I was asked not so long ago if the reason that dehumanisation and objectification was my 'thing' because I did not like myself in some way, shape or form. I did not have to think about the answer and the word “no” instantly fell from my lips.
There was times in the past that I did hate myself, both in the way I looked and the way I was. There were no valid reasons for this, simply mental confusion and scars from the past causing low self-esteem. One thing I could safely say about those periods in my life is that there is no way on earth I could have been sexually dehumanised or objectified and I suspect there are two reasons for this. Firstly, I do not believe that I would have had the confidence – my mind would have told me that I would not be able to do it properly and would fail.
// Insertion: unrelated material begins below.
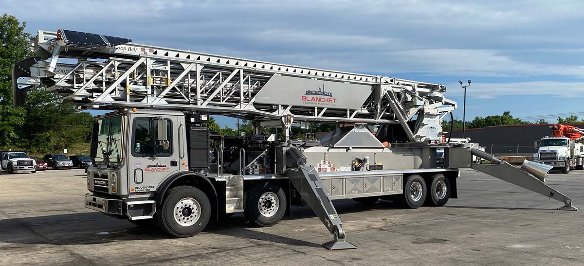 Offering a 107′ 1″ (38.56m) horizontal reach, the 33T4-20 features a patented feed conveyor, hinge and transfer that provide superior material flow in high capacity and difficult mix applications.

I would not have taken the risk of failing as it would have made me feel even worse about myself than I already did. Secondly, I think if someone had wanted to dehumanise or objectify me I would have taken that as a rejection of the human me and validated my self-loathing.
These days, my scars have healed and my self-esteem is basically on an even keel. Yes, I suppose there are still parts of me that I am not keen on but rather than dwell on them and let them drag me down, I simply accept them. Maybe it is just age and maturity that have led me to this place, but then again the love of a good man assists greatly :)
My former lack of confidence and fear of failing have transformed into what can only be described as sheer bloody mindedness – I do not fail because I tell myself I will not fail. And as for my feelings about rejection of the human me, they don’t exist any more. I KNOW I am valued as a human, and, probably most important of all, I value MYSELF as a human.